* Exercise materials *
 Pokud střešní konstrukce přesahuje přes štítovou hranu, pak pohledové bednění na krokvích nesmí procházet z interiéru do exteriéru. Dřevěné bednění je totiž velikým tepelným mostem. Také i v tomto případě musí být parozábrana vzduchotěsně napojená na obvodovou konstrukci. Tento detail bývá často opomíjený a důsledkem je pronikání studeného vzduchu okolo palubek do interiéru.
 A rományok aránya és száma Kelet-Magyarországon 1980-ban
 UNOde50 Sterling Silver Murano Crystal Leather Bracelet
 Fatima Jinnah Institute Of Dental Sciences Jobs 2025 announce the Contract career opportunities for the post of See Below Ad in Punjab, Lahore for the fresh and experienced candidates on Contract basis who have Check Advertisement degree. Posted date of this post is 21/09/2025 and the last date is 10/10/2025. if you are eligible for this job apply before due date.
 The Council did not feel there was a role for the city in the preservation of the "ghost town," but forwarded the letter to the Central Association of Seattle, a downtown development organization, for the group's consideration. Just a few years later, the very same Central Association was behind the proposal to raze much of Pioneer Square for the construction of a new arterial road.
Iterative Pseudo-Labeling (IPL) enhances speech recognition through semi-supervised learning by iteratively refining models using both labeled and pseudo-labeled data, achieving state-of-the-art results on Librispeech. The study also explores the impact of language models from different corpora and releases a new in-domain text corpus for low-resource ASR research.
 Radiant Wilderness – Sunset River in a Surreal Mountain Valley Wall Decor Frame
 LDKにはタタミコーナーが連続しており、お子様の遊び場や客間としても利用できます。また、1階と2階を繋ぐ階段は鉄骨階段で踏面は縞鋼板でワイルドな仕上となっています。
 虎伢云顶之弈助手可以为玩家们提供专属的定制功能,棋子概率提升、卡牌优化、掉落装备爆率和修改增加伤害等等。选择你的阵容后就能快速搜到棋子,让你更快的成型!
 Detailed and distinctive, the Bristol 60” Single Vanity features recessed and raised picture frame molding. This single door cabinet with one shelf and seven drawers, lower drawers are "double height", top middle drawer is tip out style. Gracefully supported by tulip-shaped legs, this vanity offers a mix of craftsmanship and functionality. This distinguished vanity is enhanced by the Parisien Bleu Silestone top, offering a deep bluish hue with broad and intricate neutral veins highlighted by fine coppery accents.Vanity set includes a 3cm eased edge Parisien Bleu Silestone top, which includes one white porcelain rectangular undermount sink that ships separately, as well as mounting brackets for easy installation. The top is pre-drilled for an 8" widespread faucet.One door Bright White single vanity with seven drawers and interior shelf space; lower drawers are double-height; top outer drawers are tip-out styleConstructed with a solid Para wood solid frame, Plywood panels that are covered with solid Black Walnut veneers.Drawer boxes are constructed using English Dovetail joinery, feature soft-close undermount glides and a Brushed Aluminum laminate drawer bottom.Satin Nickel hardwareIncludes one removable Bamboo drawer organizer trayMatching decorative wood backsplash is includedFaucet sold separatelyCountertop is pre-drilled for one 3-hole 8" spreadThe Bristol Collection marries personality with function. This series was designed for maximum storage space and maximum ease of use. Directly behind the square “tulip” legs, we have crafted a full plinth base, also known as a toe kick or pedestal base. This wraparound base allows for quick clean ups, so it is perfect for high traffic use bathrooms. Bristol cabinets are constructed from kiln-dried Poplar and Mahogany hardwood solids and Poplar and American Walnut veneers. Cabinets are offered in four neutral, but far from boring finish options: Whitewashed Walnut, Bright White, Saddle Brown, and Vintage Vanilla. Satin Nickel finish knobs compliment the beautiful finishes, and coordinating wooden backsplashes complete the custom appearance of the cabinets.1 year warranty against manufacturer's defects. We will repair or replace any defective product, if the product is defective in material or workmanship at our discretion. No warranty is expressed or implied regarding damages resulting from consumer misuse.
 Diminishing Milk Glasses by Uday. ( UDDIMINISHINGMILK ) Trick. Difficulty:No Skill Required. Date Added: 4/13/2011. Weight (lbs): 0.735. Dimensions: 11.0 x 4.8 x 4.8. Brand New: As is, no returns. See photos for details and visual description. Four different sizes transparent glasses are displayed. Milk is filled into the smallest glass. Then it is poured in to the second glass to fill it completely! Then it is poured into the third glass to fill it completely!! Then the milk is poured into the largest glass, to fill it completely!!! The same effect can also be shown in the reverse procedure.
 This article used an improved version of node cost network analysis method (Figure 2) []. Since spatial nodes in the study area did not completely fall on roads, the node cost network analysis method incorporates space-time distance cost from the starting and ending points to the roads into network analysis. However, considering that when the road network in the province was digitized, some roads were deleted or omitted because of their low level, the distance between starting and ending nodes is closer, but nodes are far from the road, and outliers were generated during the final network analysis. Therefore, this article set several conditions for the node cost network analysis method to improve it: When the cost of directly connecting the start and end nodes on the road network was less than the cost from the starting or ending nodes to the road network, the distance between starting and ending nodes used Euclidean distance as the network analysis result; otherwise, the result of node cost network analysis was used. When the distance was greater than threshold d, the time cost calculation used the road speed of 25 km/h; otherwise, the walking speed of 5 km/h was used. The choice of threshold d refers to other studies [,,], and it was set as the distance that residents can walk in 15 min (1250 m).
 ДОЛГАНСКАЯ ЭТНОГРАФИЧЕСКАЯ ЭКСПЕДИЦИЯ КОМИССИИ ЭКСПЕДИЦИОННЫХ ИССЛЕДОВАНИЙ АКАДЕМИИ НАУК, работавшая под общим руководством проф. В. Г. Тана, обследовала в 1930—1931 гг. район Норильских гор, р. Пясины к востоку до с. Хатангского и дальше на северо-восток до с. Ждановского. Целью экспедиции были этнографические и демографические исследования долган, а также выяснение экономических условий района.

* Try it *
With no additions or omissions, transcribe every record.

* Finished exercise *
 Pokud střešní konstrukce přesahuje přes štítovou hranu, pak pohledové bednění na krokvích nesmí procházet z interiéru do exteriéru. Dřevěné bednění je totiž velikým tepelným mostem. Také i v tomto případě musí být parozábrana vzduchotěsně napojená na obvodovou konstrukci. Tento detail bývá často opomíjený a důsledkem je pronikání studeného vzduchu okolo palubek do interiéru.
 A rományok aránya és száma Kelet-Magyarországon 1980-ban
 UNOde50 Sterling Silver Murano Crystal Leather Bracelet
 Fatima Jinnah Institute Of Dental Sciences Jobs 2025 announce the Contract career opportunities for the post of See Below Ad in Punjab, Lahore for the fresh and experienced candidates on Contract basis who have Check Advertisement degree. Posted date of this post is 21/09/2025 and the last date is 10/10/2025. if you are eligible for this job apply before due date.
 The Council did not feel there was a role for the city in the preservation of the "ghost town," but forwarded the letter to the Central Association of Seattle, a downtown development organization, for the group's consideration. Just a few years later, the very same Central Association was behind the proposal to raze much of Pioneer Square for the construction of a new arterial road.
Iterative Pseudo-Labeling (IPL) enhances speech recognition through semi-supervised learning by iteratively refining models using both labeled and pseudo-labeled data, achieving state-of-the-art results on Librispeech. The study also explores the impact of language models from different corpora and releases a new in-domain text corpus for low-resource ASR research.
 Radiant Wilderness – Sunset River in a Surreal Mountain Valley Wall Decor Frame
 LDKにはタタミコーナーが連続しており、お子様の遊び場や客間としても利用できます。また、1階と2階を繋ぐ階段は鉄骨階段で踏面は縞鋼板でワイルドな仕上となっています。
 虎伢云顶之弈助手可以为玩家们提供专属的定制功能,棋子概率提升、卡牌优化、掉落装备爆率和修改增加伤害等等。选择你的阵容后就能快速搜到棋子,让你更快的成型!
 Detailed and distinctive, the Bristol 60” Single Vanity features recessed and raised picture frame molding. This single door cabinet with one shelf and seven drawers, lower drawers are "double height", top middle drawer is tip out style. Gracefully supported by tulip-shaped legs, this vanity offers a mix of craftsmanship and functionality. This distinguished vanity is enhanced by the Parisien Bleu Silestone top, offering a deep bluish hue with broad and intricate neutral veins highlighted by fine coppery accents.Vanity set includes a 3cm eased edge Parisien Bleu Silestone top, which includes one white porcelain rectangular undermount sink that ships separately, as well as mounting brackets for easy installation. The top is pre-drilled for an 8" widespread faucet.One door Bright White single vanity with seven drawers and interior shelf space; lower drawers are double-height; top outer drawers are tip-out styleConstructed with a solid Para wood solid frame, Plywood panels that are covered with solid Black Walnut veneers.Drawer boxes are constructed using English Dovetail joinery, feature soft-close undermount glides and a Brushed Aluminum laminate drawer bottom.Satin Nickel hardwareIncludes one removable Bamboo drawer organizer trayMatching decorative wood backsplash is includedFaucet sold separatelyCountertop is pre-drilled for one 3-hole 8" spreadThe Bristol Collection marries personality with function. This series was designed for maximum storage space and maximum ease of use. Directly behind the square “tulip” legs, we have crafted a full plinth base, also known as a toe kick or pedestal base. This wraparound base allows for quick clean ups, so it is perfect for high traffic use bathrooms. Bristol cabinets are constructed from kiln-dried Poplar and Mahogany hardwood solids and Poplar and American Walnut veneers. Cabinets are offered in four neutral, but far from boring finish options: Whitewashed Walnut, Bright White, Saddle Brown, and Vintage Vanilla. Satin Nickel finish knobs compliment the beautiful finishes, and coordinating wooden backsplashes complete the custom appearance of the cabinets.1 year warranty against manufacturer's defects. We will repair or replace any defective product, if the product is defective in material or workmanship at our discretion. No warranty is expressed or implied regarding damages resulting from consumer misuse.
 Diminishing Milk Glasses by Uday. ( UDDIMINISHINGMILK ) Trick. Difficulty:No Skill Required. Date Added: 4/13/2011. Weight (lbs): 0.735. Dimensions: 11.0 x 4.8 x 4.8. Brand New: As is, no returns. See photos for details and visual description. Four different sizes transparent glasses are displayed. Milk is filled into the smallest glass. Then it is poured in to the second glass to fill it completely! Then it is poured into the third glass to fill it completely!! Then the milk is poured into the largest glass, to fill it completely!!! The same effect can also be shown in the reverse procedure.
 This article used an improved version of node cost network analysis method (Figure 2) []. Since spatial nodes in the study area did not completely fall on roads, the node cost network analysis method incorporates space-time distance cost from the starting and ending points to the roads into network analysis. However, considering that when the road network in the province was digitized, some roads were deleted or omitted because of their low level, the distance between starting and ending nodes is closer, but nodes are far from the road, and outliers were generated during the final network analysis. Therefore, this article set several conditions for the node cost network analysis method to improve it: When the cost of directly connecting the start and end nodes on the road network was less than the cost from the starting or ending nodes to the road network, the distance between starting and ending nodes used Euclidean distance as the network analysis result; otherwise, the result of node cost network analysis was used. When the distance was greater than threshold d, the time cost calculation used the road speed of 25 km/h; otherwise, the walking speed of 5 km/h was used. The choice of threshold d refers to other studies [,,], and it was set as the distance that residents can walk in 15 min (1250 m).
 ДОЛГАНСКАЯ ЭТНОГРАФИЧЕСКАЯ ЭКСПЕДИЦИЯ КОМИССИИ ЭКСПЕДИЦИОННЫХ ИССЛЕДОВАНИЙ АКАДЕМИИ НАУК, работавшая под общим руководством проф. В. Г. Тана, обследовала в 1930—1931 гг. район Норильских гор, р. Пясины к востоку до с. Хатангского и дальше на северо-восток до с. Ждановского. Целью экспедиции были этнографические и демографические исследования долган, а также выяснение экономических условий района.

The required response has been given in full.